Last week, the California Institute for Regenerative Medicine (CIRM) approved a new funding program aimed at accelerating gene therapies for rare diseases by moving away from traditional approaches that develop a single therapy at a time. The initiative sets aside $100 million over two years to create a scalable model for delivering platform-based genetic therapies for rare diseases.
The so-called Rare Disease Acceleration Platform and Innovation and Delivery (RAPID) program aims to build on the recent success story of baby KJ Muldoon. Scientists first shared KJ’s story last year at the annual meeting of the American Society for Gene and Cell Therapy. They reported successfully developing a personalized CRISPR therapy for a child born with a rare genetic metabolic disorder known as severe carbamoyl phosphate synthetase 1 deficiency.
CIRM, a state agency that has funded cell and gene therapy development for more than a decade, has funded a large portfolio of programs spanning both rare and prevalent diseases. The RAPID initiative marks a shift from that approach, said Shyam Patel, PhD, CIRM associate vice president of preclinical development, in an interview. At least 10,000 unique rare diseases cumulatively affect over 30 million people in the United States. About half of all CIRM awards support clinical trials for several of these diseases, including LAD-1, forms of muscular dystrophy, Danon syndrome, Machado-Joseph disease, Pitt Hopkins syndrome, and others.
“This is an attempt to fund a different way of funding those projects as well as to create a different model for development” that works “across different types of diseases and therapeutic technologies,” Patel told GEN. It is especially timely given the growing regulatory and technical momentum behind platform strategies, including new guidance from the U.S. Food and Drug Administration.
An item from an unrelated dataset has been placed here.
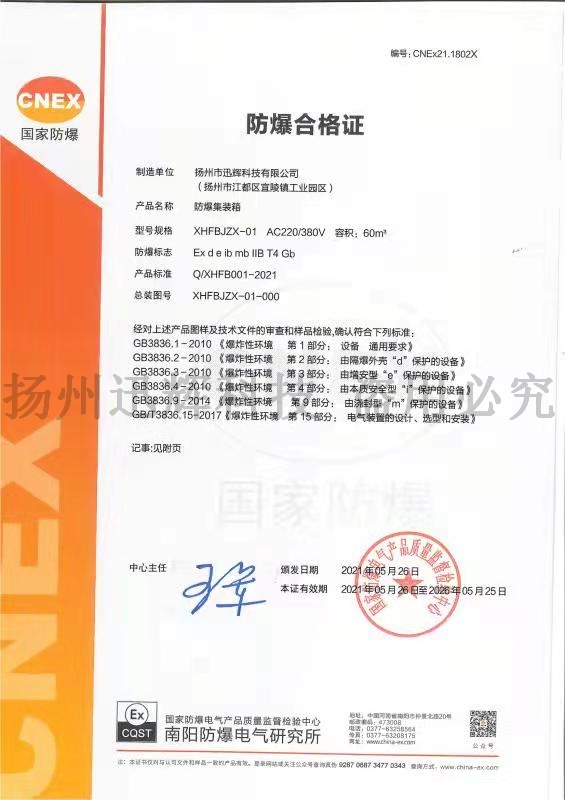 揚(yáng)州市迅輝科技有限公司坐落于風(fēng)景秀麗的歷史文化名城揚(yáng)州,是一家集設(shè)計(jì)、研發(fā)、生產(chǎn)、銷(xiāo)售、施工、售后服務(wù)于一體的綜合性實(shí)體。公司以“解決企業(yè)安全隱患、確保企業(yè)安全生產(chǎn)”為經(jīng)營(yíng)使命。公司專(zhuān)業(yè)定位于環(huán)保及防爆集裝箱、防爆電氣設(shè)備、防爆燈具、防爆風(fēng)機(jī)、防爆空調(diào)、防爆配電箱、泄爆隔爆......

CIRM’s RAPID program will fund two types of proposals aimed at advancing in vivo genetic therapies for rare diseases. One set of awards will support projects that have already engaged with the FDA and received pre-IND feedback on their platform approach. CIRM awards will fund activities from IND-enabling studies through completion of first-in-human clinical trials across multiple indications. Patel expects these awards will focus on disease areas where platform approaches have gained traction, such as metabolic, immune, retinal, and hearing disorders.
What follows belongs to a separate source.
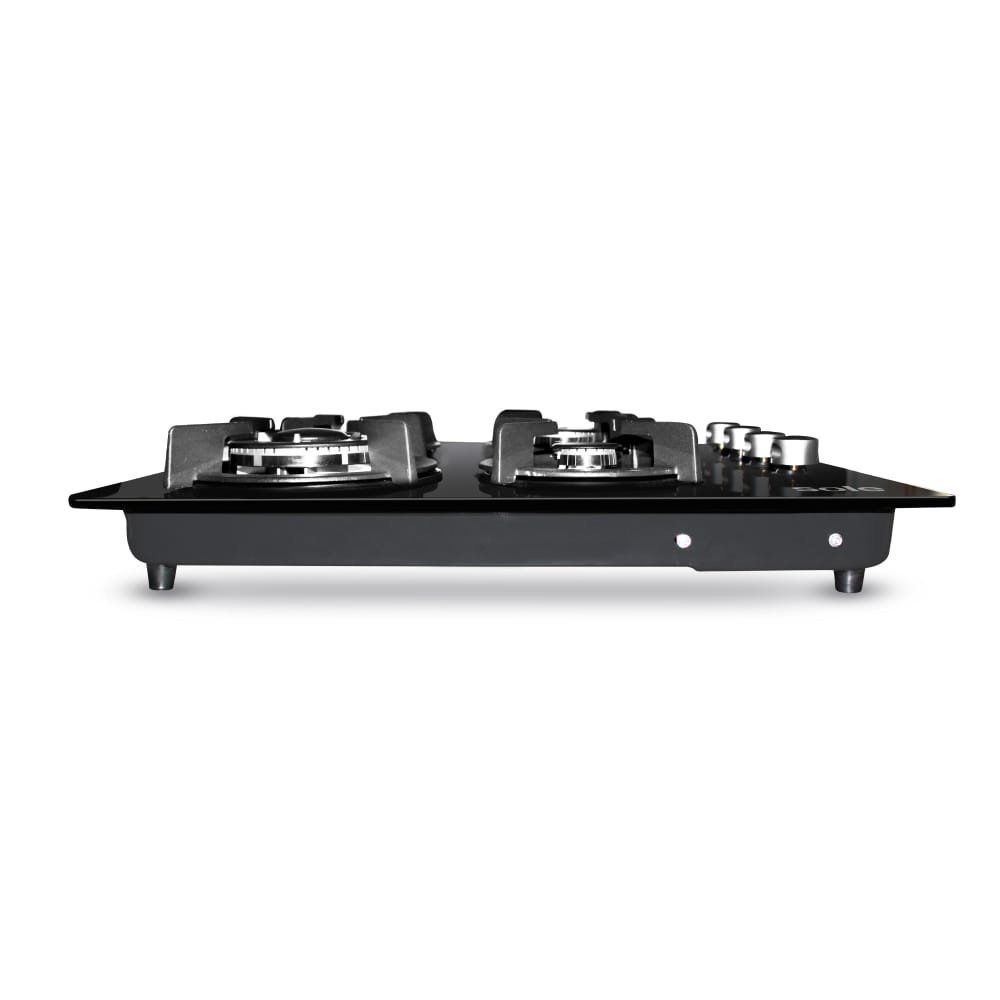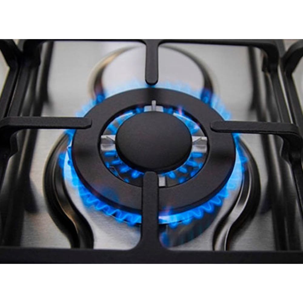 La mesa de cocción de acero inoxidable con tapa de vidrio templado proporciona una superficie resistente y fácil de limpiar, mientras que los 5 quemadores aseguran versatilidad y potencia en la cocina. Destaca el quemador triple flama, ideal para preparar comidas con un calor intenso y uniforme, adecuado para sartenes grandes y recetas que requieren alta temperatura.

The second track will support emerging platforms that are still optimizing candidates and at the early stages of regulatory discussions. By supporting early-stage projects, Patel said, the agency hopes to bring new technologies into the pipeline and expand the range of diseases addressed.
Funding will be allocated in two $50 million cycles—one in each fiscal year for the next two years—with no specific cap per project. So, for example, “we could have something where one project is proposing maybe three candidates and another one proposing 10 candidates [so] the dollars should scale accordingly,” he explained. Projects will be reviewed and scored by a panel of experts made up of scientists, clinicians, product developers, and others, before being submitted to the CIRM board for approval.
Lead applicants for projects must be California-based, and they could be companies, academic institutions, or independent nonprofit organizations. Though the lead organizations have to be local, projects could include collaborations with investigators, suppliers, vendors, and service producers outside of California. Additionally, applicants will have to justify their proposed budgets based on the scope of their work. Applications will likely be due early to late summer of this year. Funded projects that support IND-enabling work through early clinical trials can receive funding for up to six years, while the earlier-stage ones are capped at 3.5 years to encourage faster progress.
RAPID projects will also be expected to participate in near real-time knowledge sharing within the CIRM awardee network, as well as in sharing data and knowledge with the public more broadly. To that end, CIRM is putting in place a structured knowledge-sharing approach that includes clear requirements and timelines.
Data sharing is critical because, as awardees “execute on their milestones, we want them to be able to leverage the other RAPID projects as well as [the] massive portfolio of awards that we are funding,” Patel said. “We expect them to share their study designs, their emerging data, and their regulatory strategy and interactions within the CIRM network to help inform their strategy and execution.” Awardees are also expected “to share the regulatory correspondences as well as appropriate study designs and emerging data with the public, and we’re going to set specific timelines for that sharing,” he added.
Additionally, Patel said that CIRM hopes to coordinate data sharing efforts with those of agencies like the National Institutes of Health and the Advanced Research Projects Agency for Health. “Instead of trying to build our own data system, we are reaching out to federal agencies with similar programs to see if we can coordinate and have it all in a centralized repository instead of each one having their own.”
The official program announcement will be released in the next few months, which will provide additional details about requirements. In the meantime, CIRM plans to have more outreach sessions, including a workshop that will bring relevant stakeholders together, including patient advocacy organizations, scientists, and others. These meetings will provide a platform for the community to “talk about and socialize approaches for platform-based therapy development,” Patel said. He expects that those conversations will “inform the RAPID proposals that eventually come in” and “raise awareness of what’s actually been tried and been successful in the field so far.”